The entries below hold a line with "Veteran actor Dharmendra" and a line with "你可以使用白描文字识别电脑版". Return those lines and all that lie between them, exactly and only.
--- Extracted material ---
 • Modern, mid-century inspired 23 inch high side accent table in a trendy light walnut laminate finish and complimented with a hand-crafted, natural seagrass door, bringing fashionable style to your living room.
---
--- Extracted material ---
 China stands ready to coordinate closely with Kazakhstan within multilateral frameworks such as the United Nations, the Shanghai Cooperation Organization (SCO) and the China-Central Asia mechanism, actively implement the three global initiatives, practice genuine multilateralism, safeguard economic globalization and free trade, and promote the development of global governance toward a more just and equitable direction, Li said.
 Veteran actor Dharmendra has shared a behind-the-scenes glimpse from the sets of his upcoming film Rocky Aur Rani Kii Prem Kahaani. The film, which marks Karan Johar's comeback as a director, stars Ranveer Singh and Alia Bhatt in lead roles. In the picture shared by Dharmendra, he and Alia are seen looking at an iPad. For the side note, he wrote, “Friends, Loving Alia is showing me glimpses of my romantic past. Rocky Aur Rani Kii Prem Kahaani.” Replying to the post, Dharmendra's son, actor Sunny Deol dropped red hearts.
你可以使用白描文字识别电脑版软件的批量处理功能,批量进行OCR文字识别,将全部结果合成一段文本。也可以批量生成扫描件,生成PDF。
---
(Output below):
 Veteran actor Dharmendra has shared a behind-the-scenes glimpse from the sets of his upcoming film Rocky Aur Rani Kii Prem Kahaani. The film, which marks Karan Johar's comeback as a director, stars Ranveer Singh and Alia Bhatt in lead roles. In the picture shared by Dharmendra, he and Alia are seen looking at an iPad. For the side note, he wrote, “Friends, Loving Alia is showing me glimpses of my romantic past. Rocky Aur Rani Kii Prem Kahaani.” Replying to the post, Dharmendra's son, actor Sunny Deol dropped red hearts.
你可以使用白描文字识别电脑版软件的批量处理功能,批量进行OCR文字识别,将全部结果合成一段文本。也可以批量生成扫描件,生成PDF。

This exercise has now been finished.